Sunning myself.
You all wouldn't know it unless I tell you, but you're about to do me a great service. My horoscope for today tells me to rally my troops with my planning and enthusiasm, because they'll follow me anywhere. I'm not actually going to ask you to go anywhere with me, but I'm going to pretend that you're following along while I write this next piece of prose that I must write in order to earn next year's keep--or, rather, to earn the right to hitch myself to someplace prestigious by paying out the keep I've already earned.
This one should be the easy one: it's about what I've already done, what I am already doing. But I am choking and whimpering a little bit in the face of having to do this thing. These are old, old fears, freshly freighted with new tasks I worry I won't get right. I am a big believer in Anne Lamott's concept of the shitty first draft. I introduce that concept to my friends and students whenever I get a chance. But when it comes right down to it, too big a part of me hears the voice in advance saying, "Wow, that's shitty," and I cannot be cavalier about it because that's not how I am.
My horoscope for yesterday told me to clear my head of unnecessary materials--including self-doubt--and so I'm about to pretend that I'm explaining my research to you all, rather than to an audience ready to refuse me with a snarl. And while I talk to you, my skin will thicken up again, which is what my skin does when I talk to curious, interested people. Like the custodian who talks to me at midnight and wants to read my book. Or the student who says, "I didn't know that's what you've been working on all this time." Or the woman who asks me to hurry up and get it done so that she can read more than just one little piece. The people who say we all love your work. My beloved Brooklynite who writes to say, "Lady, you should write for pay." My poet friend (soon-to-be-Alabaman!) who asks to see more work, who tells me where I might send photographs. My excellent friend who looks completely perplexed when I worry aloud that my writing about my own work is dry and dull.
And when my skin is thick again, all will come right once more. It's working already. And this new novel Heyday is lighting up the end of the tunnel.
It took me almost two years to realize that I can see the river from this office window. But there it is, going along and going along.
As will I. Right now.
3 Comments:
Thanks, sweetie. You just might get your wish on this one!
Send your proposal!
batgirl beat me to it.
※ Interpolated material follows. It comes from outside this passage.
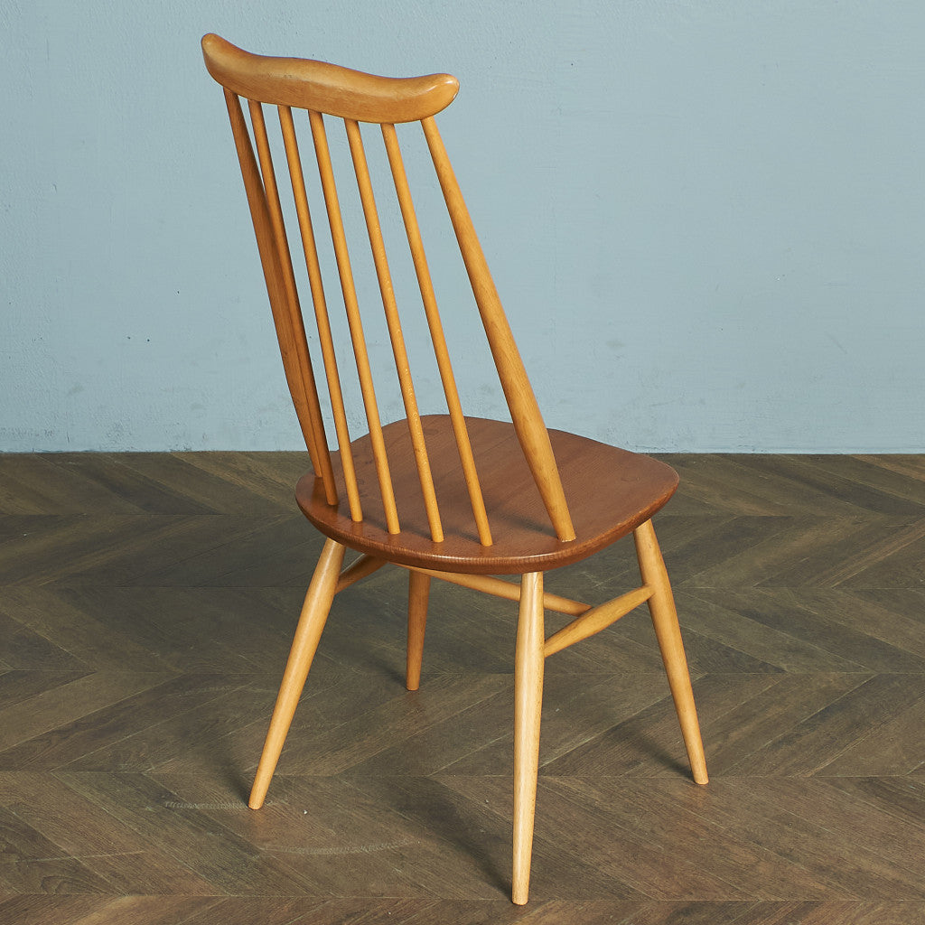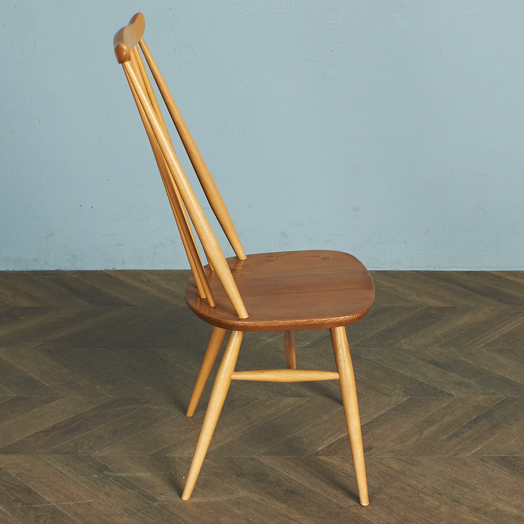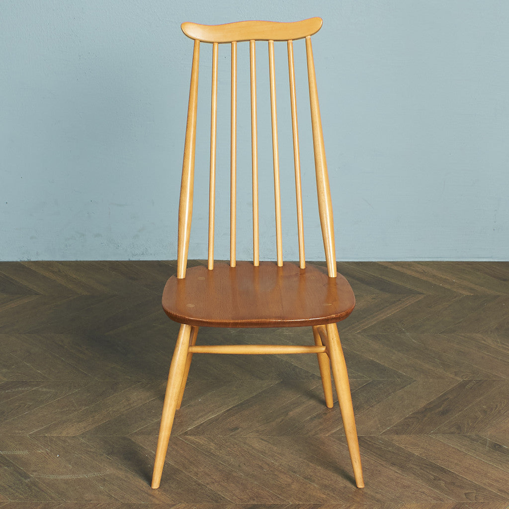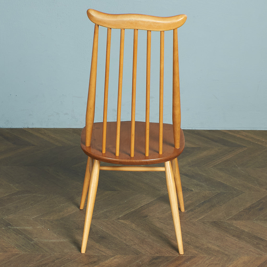 金細工師という名を持つこのイスは、アーコール社の椅子の中でも発表当時から一番人気のモデル。スタンダードなコームバックのウィンザーチェアをモチーフにしながらも、座り心地の良いロングスティックの背もたれや広めの座面、カーブを描く飾り木などが特徴です。実用性と程よい装飾性、個性を備えたデザインアレンジが施されています。
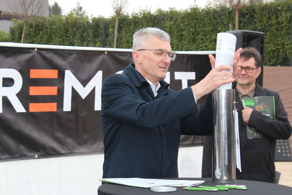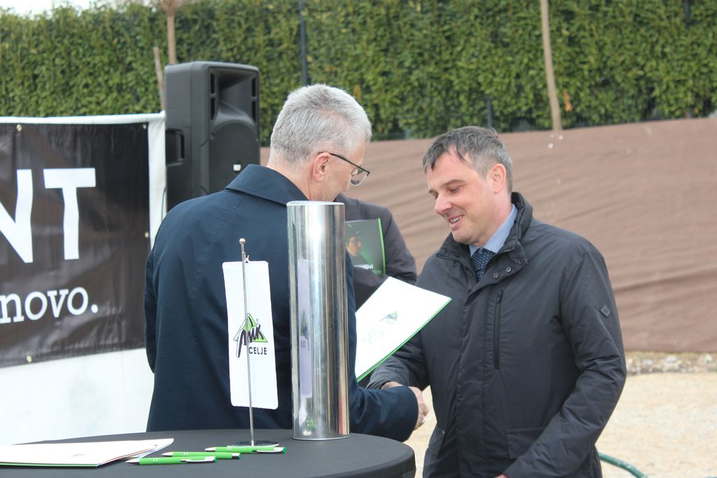 »Postavitev temeljnega kamna s časovno kapsulo« ter s tem napoved pričetka gradnje Razvojnega centra MIK in Inštitut dr. Peter Novak in nove tovarne prezračevalnih naprav MIKrovent, je bil s pomočjo petih mož udejanjen.

I am always, always, happy to read a draft -- or just listen to you talk your way through your ideas.
And both you and batgirl must remember to keep things in perspective. Long experience has taught me that your "shitty drafts" are more interesting and more worthwhile than most other people's shitty drafts.
In other news: I found an actual quarter mixed in with some cookies I was eating yesterday. Also, my front stoop has been replaced by an enormous hole that is roughly 4 feet deep. Perhaps I should see what my horoscope has to say about these peculiar developments.
Thanks, man. Right now things suck, all pep talks (from self and others) notwithstanding. Gr!